Les dispositifs de sécurité renforcés et les interdictions de circulation mis en place mercredi soir ont été levés jeudi matin aux abords de la présidence où la circulation était normale, ont constaté des journalistes de l'AFP.
La tension y était brusquement montée peu avant 20H00 locales (19H00 GMT) lorsque des tirs nourris ont éclaté, puis duré près d'une heure, en plein centre de la capitale de ce pays pauvre d'Afrique centrale dirigé par une junte militaire et à l'histoire jalonnée de coups d'Etat ou tentatives.
Selon le porte-parole du gouvernement, Abderaman Koulamallah, un groupe de "24 personnes", qu'il a décrites comme "un ramassis de pieds nickelés" drogués et alcoolisés venus en civil d'un quartier pauvre du sud de la ville avec "des armes, des coupe-coupe (machettes, NDLR) et des couteaux", s'est attaqué aux gardes du palais présidentiel, avant d'être rapidement neutralisé. "Il y a eu 18 morts et 6 blessés" chez les assaillants, qui ont tué un garde de la présidence et blessé trois autres dont deux grièvement, a-t-il précisé mercredi soir.
Des vidéos partagées sur les réseaux sociaux et présentées comme filmées par les militaires à l'entrée de la présidence montraient des forces de sécurité tchadiennes circulant entre de nombreux cadavres ensanglantés étendus sur un sol jonché de tâches de sang. D'autres sont vivants et assis au sol, ligotés. Tous sont apparemment de jeunes hommes en habits civils (jeans, shorts ou jogging, chemises, T-shirts, baskets), parfois en guenilles, entre deux mares de sang.
"La situation est totalement maîtrisée. (...) Toute cette tentative de déstabilisation a été éradiquée", a ajouté M. Koulamallah en milieu de soirée dans une vidéo publiée sur Facebook depuis le palais présidentiel, où il apparaissait arme à la ceinture au milieu de forces de sécurité. Interrogé ensuite sur la télévision nationale, le porte-parole du gouvernement a estimé que l'attaque n'était "probablement pas terroriste".
"Montage"
Le chef de l'Etat, Mahamat Idriss Déby Itno, se trouvait au palais au moment de l'attaque, a indiqué à l'AFP M. Koulamallah, sans plus de précisions. Il ne s'est pas exprimé publiquement à ce stade. "Les Tchadiens peuvent dormir sur leurs deux oreilles, notre pays est bien gardé quand même, félicitations aux forces de défense et de sécurité !", avait conclu le porte-parole à la télévision nationale en fin de soirée.

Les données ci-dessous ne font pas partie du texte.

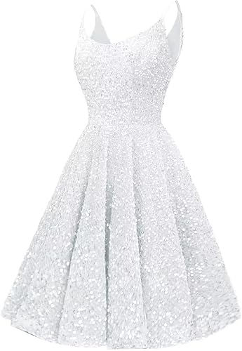 Changuan Sequin Homecoming Dresses for Teens 2025 Sparkly Spaghetti Strap A-line Short Prom Dress Cocktail Formal Party Gowns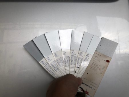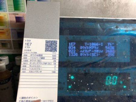 まず、メーカーのカラーコードから調合を調べて調色を決めていきます。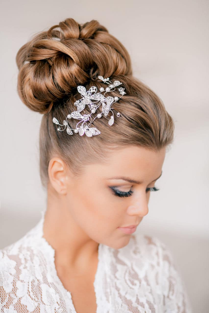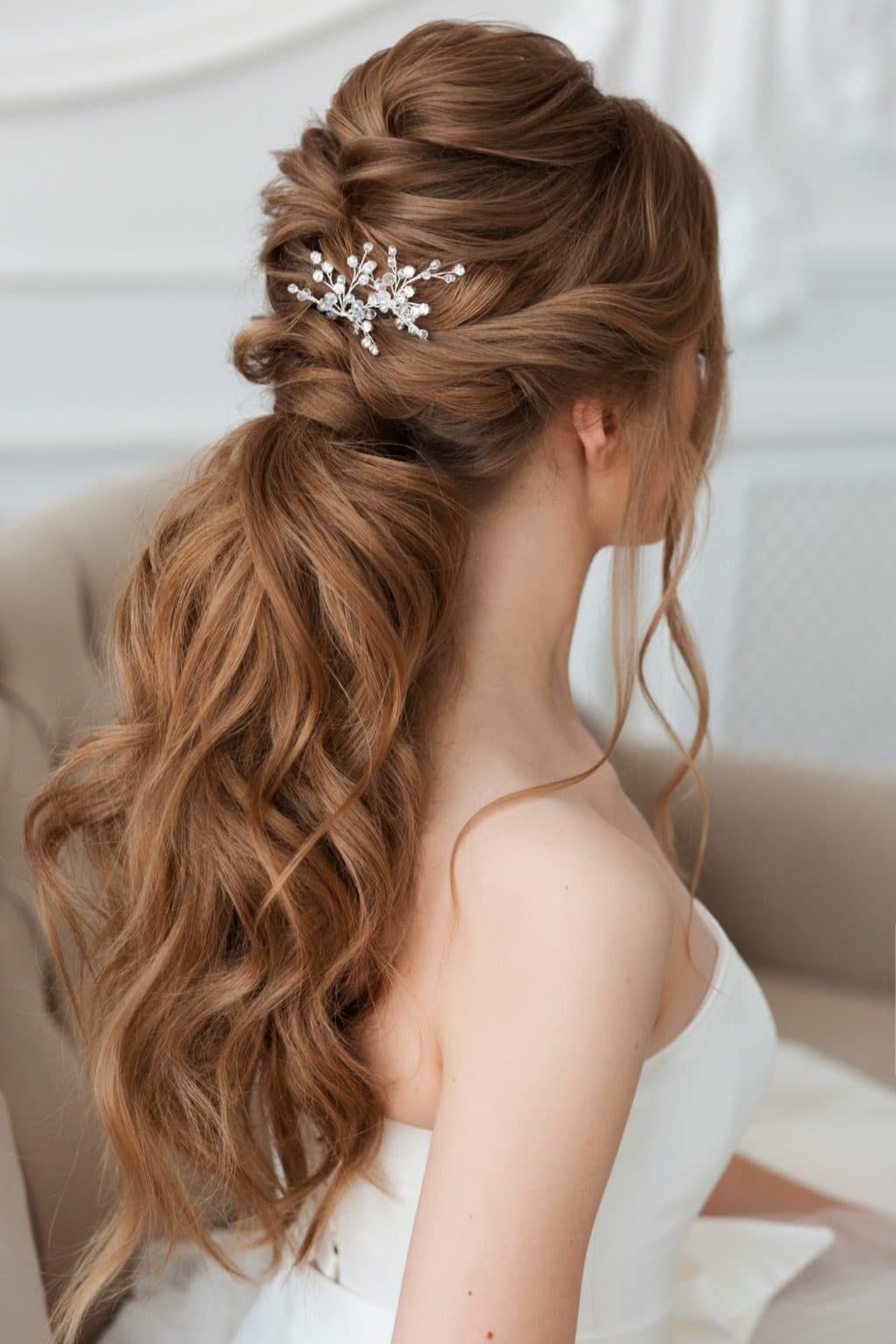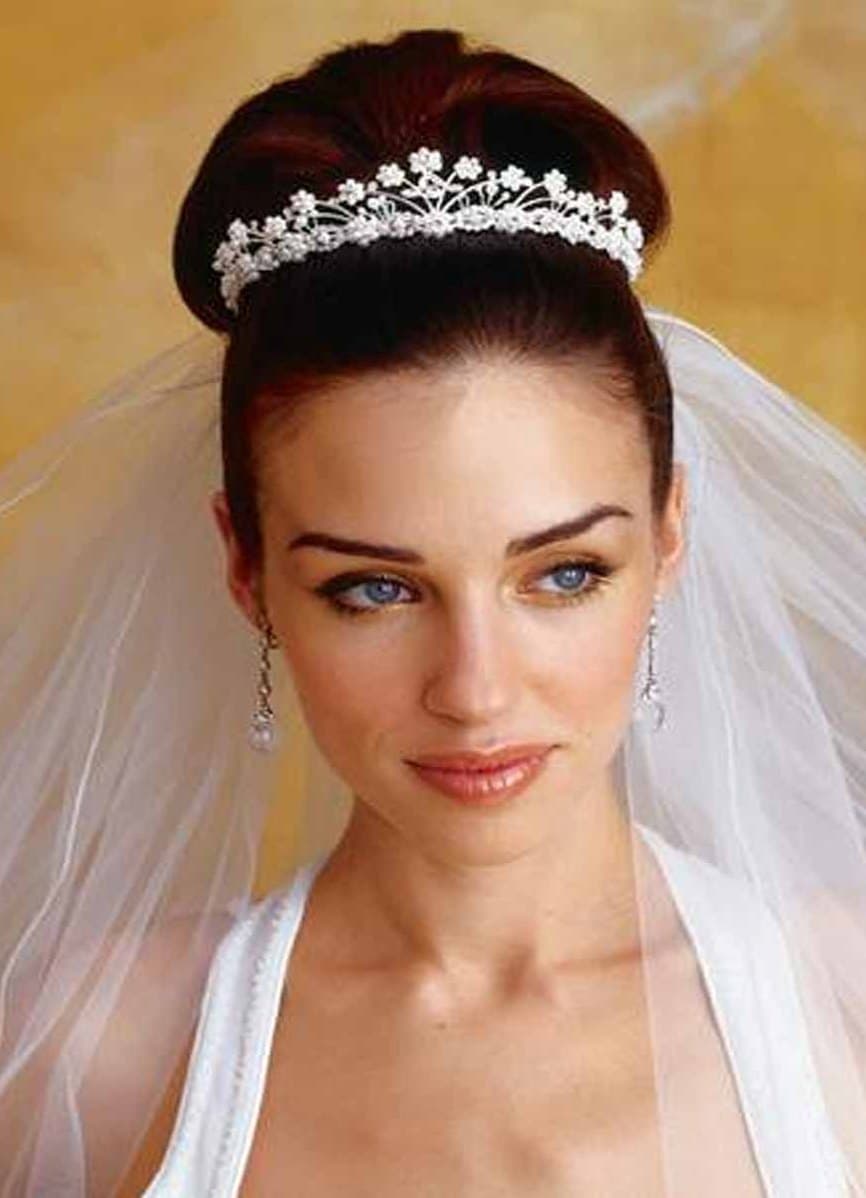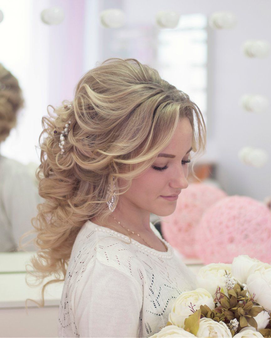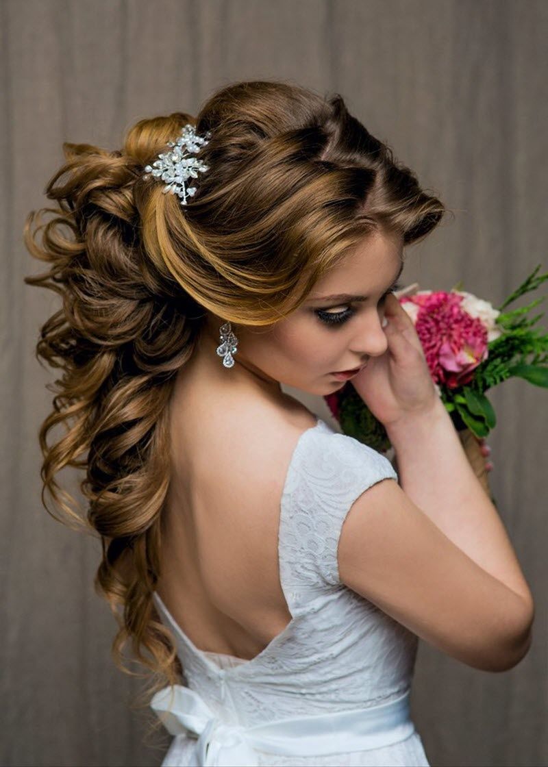 Recently, it has become increasingly popular to use tiaras or crowns in wedding hairstyles. If you use a diadem, then there should be no more jewelry on your hair. Because the image can be oversaturated.

Mais certaines voix dans l'opposition émettaient jeudi matin des doutes sur ce récit officiel. Le porte-parole d'un groupe de parti d'opposition, Max Kemkoye, porte-parole du Gcap (Groupe de concertation des acteurs politiques) évoquait jeudi matin "un synopsis malheureux" et un "montage" orchestré par le pouvoir.
Le porte-parole du gouvernement a indiqué qu'il ferait une déclaration au corps diplomatique accrédité jeudi après-midi. Une déclaration du procureur de la République est également attendue dans la journée.

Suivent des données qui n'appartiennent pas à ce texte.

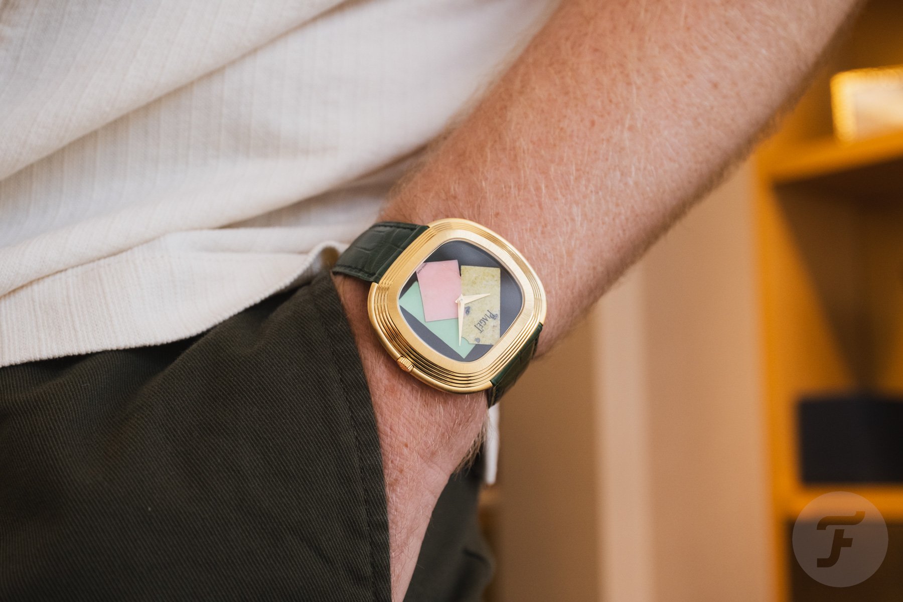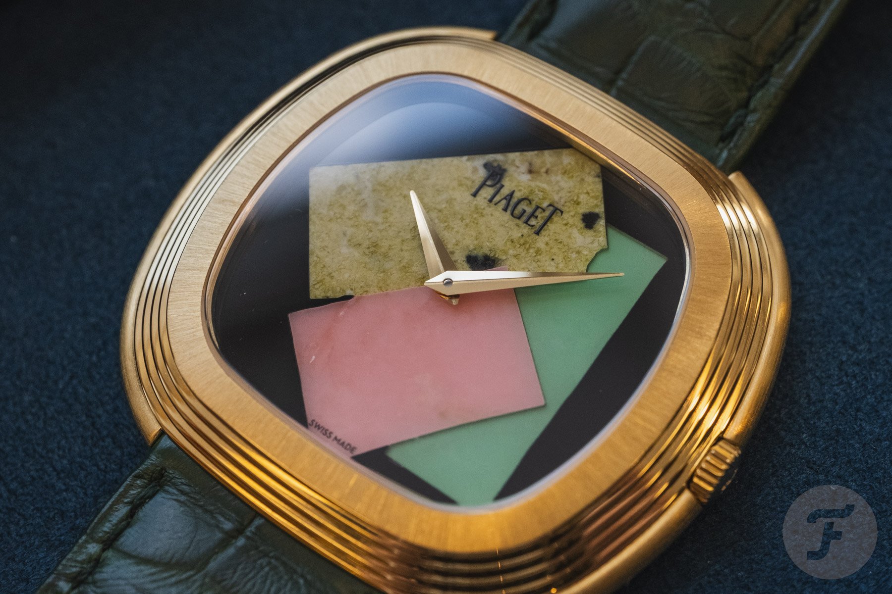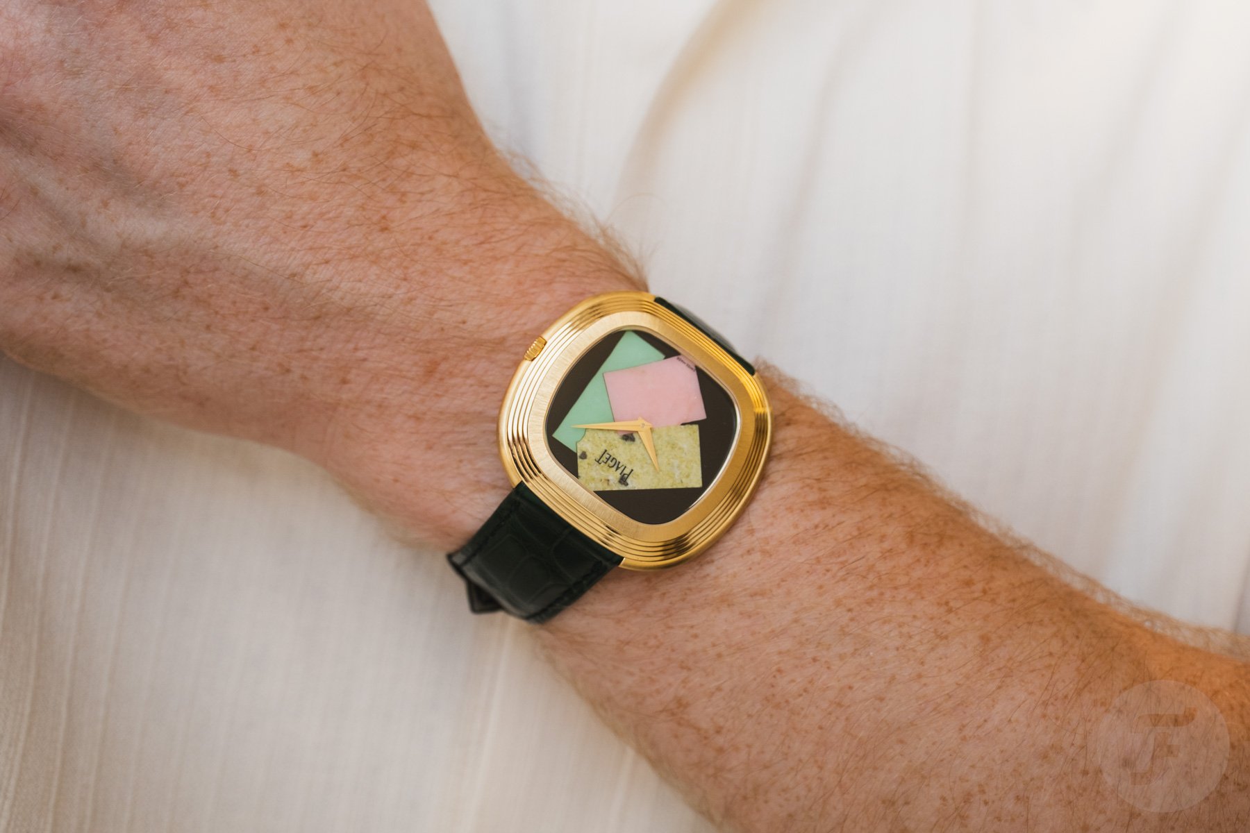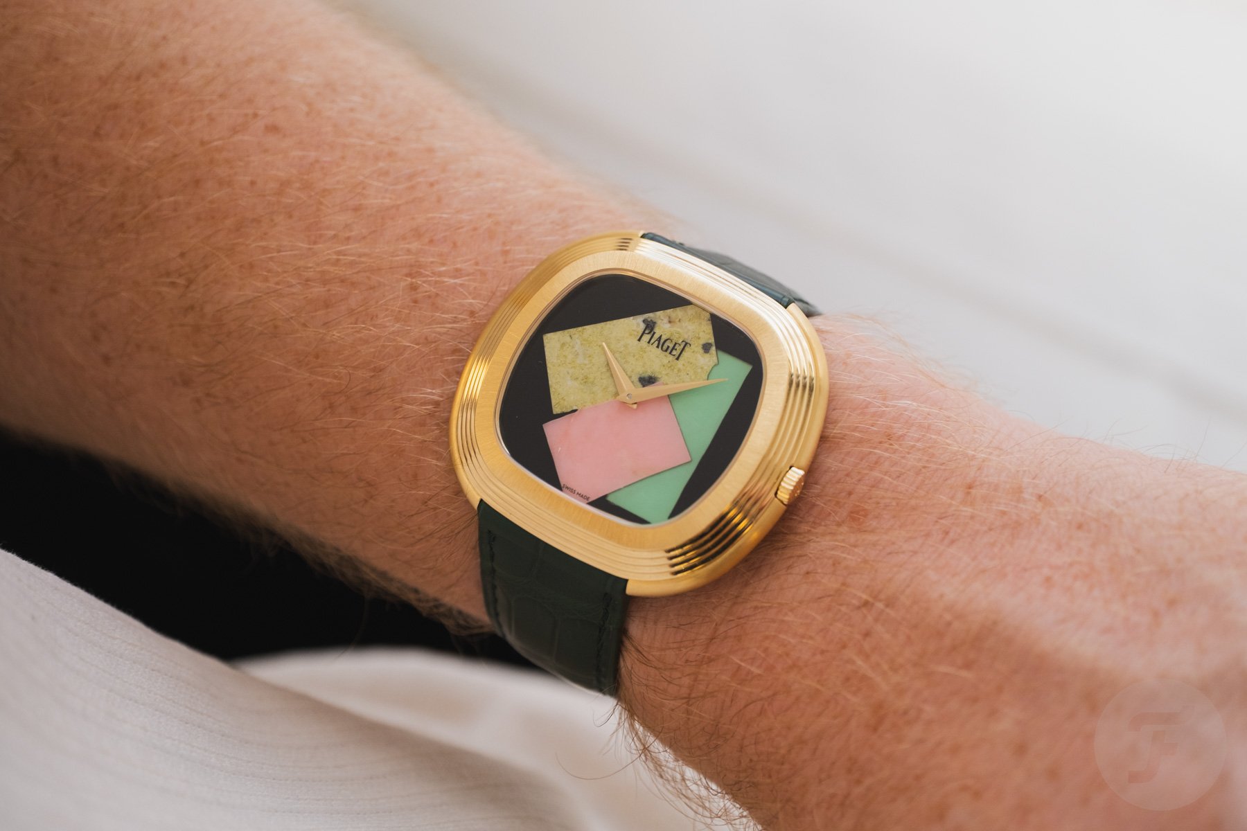 Andy Warhol once said, “Art is what you can get away with.” Does Piaget get away with the art watch you see here? In collaboration with the Andy Warhol Foundation, the Piaget Andy Warhol “Collage” Limited Edition bursts onto the scene. The watch is a limited edition of 50 pieces, each featuring a dial crafted from a marquetry of colorful ornamental gemstones arranged in an abstract composition inspired by one of Warhol’s famed 1986 Polaroid collage self-portraits, Collage. This edition follows the partnership announced in November, which revives the legendary “Andy Warhol” watch name. We had the opportunity to try on the latest LE at the brand’s boutique in Geneva.

Les tirs à la présidence ont retenti quelques heures après la visite à N'Djamena du ministre chinois des Affaires étrangères, Wang Yi, qui a notamment rencontré M. Déby au palais présidentiel. Le ministre chinois avait quitté le pays avant ces événements, selon le gouvernement tchadien, pour aller poursuivre sa tournée africaine au Nigeria.

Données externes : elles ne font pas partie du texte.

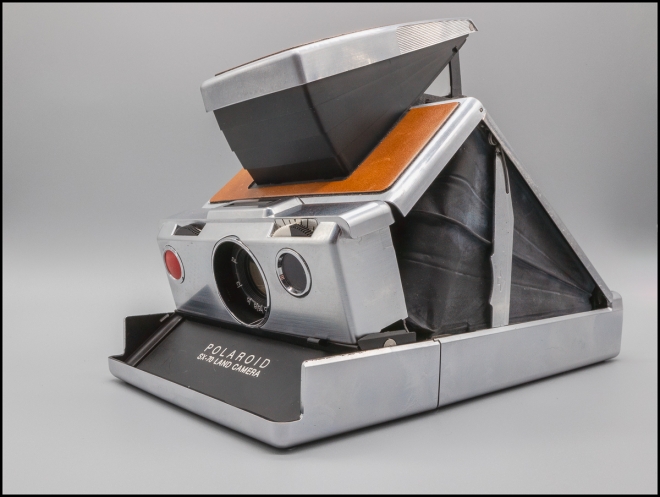 The SX-70 is a folding single lens reflex Land camera which was produced by the Polaroid Corporation from 1972 to 1981. It helped popularize instant photography…There were a variety of models beginning in 1972 with the original SX-70, though all shared the same basic design. The first model had a plain focusing screen (the user was expected to be able to see the difference between in- and out-of focus) because Dr. Land wanted to encourage photographers to think they were looking at the subject, rather than through a viewfinder. When many users complained that focusing was difficult, especially in dim light, a split-image rangefinder prism was added. This feature is standard on all later manual focus models…Though expensive, the SX-70 was popular in the 1970s and retains a cult following today. Photographers such as Ansel Adams, Andy Warhol, Helmut Newton, and Walker Evans praised and used the SX-70. Helmut Newton used the camera for fashion shoots. Walker Evans began using the camera in 1973 when he was 70 years old. Not until the $40 Model 1000 OneStep using SX-70 film became the best-selling camera of the 1977 Christmas shopping season, however, did its technology become truly popular. More recently, it was the inspiration for the Belfast alternative band SX-70’s name. (Wikipedia).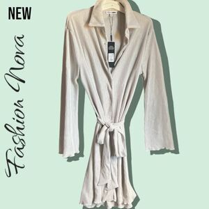 New NWT Fashion Nova On The Clock Plisse Mini Dress - Silver - Small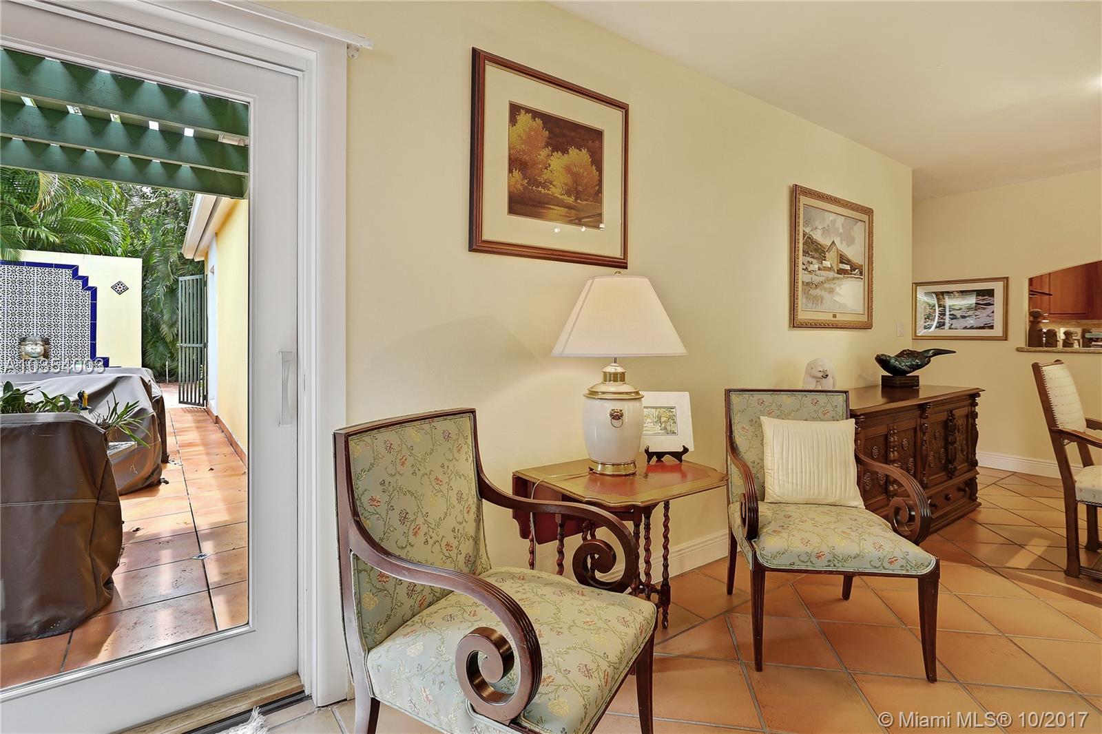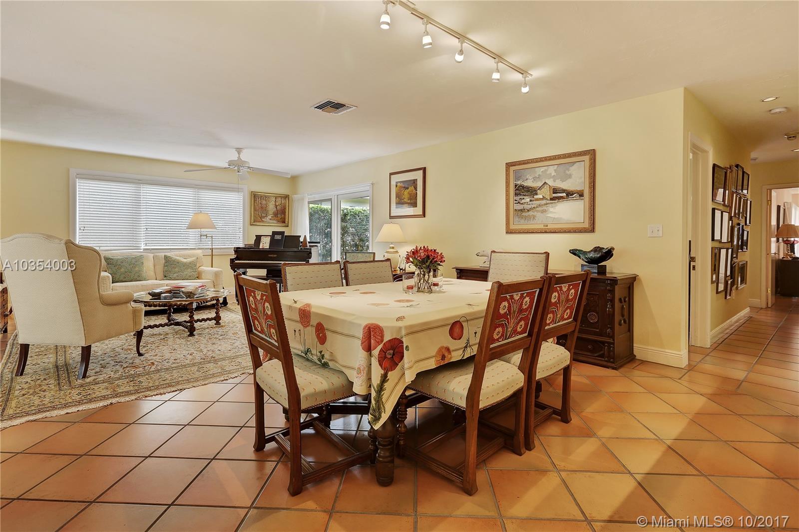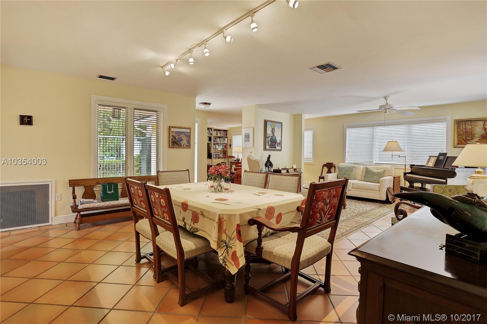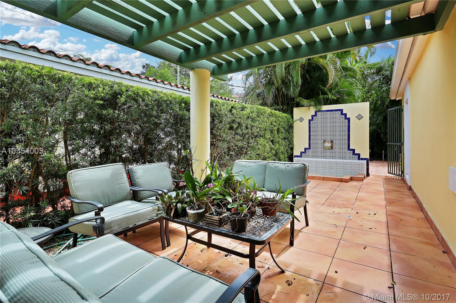 Come see this open and inviting 3 bedroom, 2 bathroom home in beautiful southeast Coral Gables. Step inside and be awed by the spacious living, family, and dining rooms. Large impact windows and doors allow natural light to stream in. The recently renovated kitchen with plenty of storage is perfect for parties and family get togethers. The master bedroom includes a Coral Gables rarity--2 walk-in closets and a large master bathroom with lots of potential! Want to relax after a hard day at work? Step outside under your beautiful pergola and enjoy the gentle trickle of the fountain and the large tile patio with plenty of room for outdoor seating, tables, and umbrellas.

Après le déclenchement des tirs, toutes les voies menant à la présidence avaient été rapidement fermées à la circulation, et des chars déployés dans les rues, alors que les gens présents aux alentours, visiblement inquiets, s'empressaient de rentrer chez eux.
Le Tchad a annoncé par surprise fin novembre dernier qu'il mettait fin à l'accord militaire entre Paris et N'Djamena, après soixante ans de coopération militaire entamée à la fin de la colonisation française.
Le pays a achevé en mai dernier trois années de transition avec l'élection de Mahamat Idriss Déby, porté au pouvoir par une junte militaire après la mort de son père Idriss Déby, tué par des rebelles au front en 2021. Les forces tchadiennes sont régulièrement attaquées par les jihadistes de Boko Haram, notamment dans la région du Lac Tchad (ouest). Fin octobre, le président Déby y a "personnellement" lancé et dirigée une opération antijihadiste pendant deux semaines.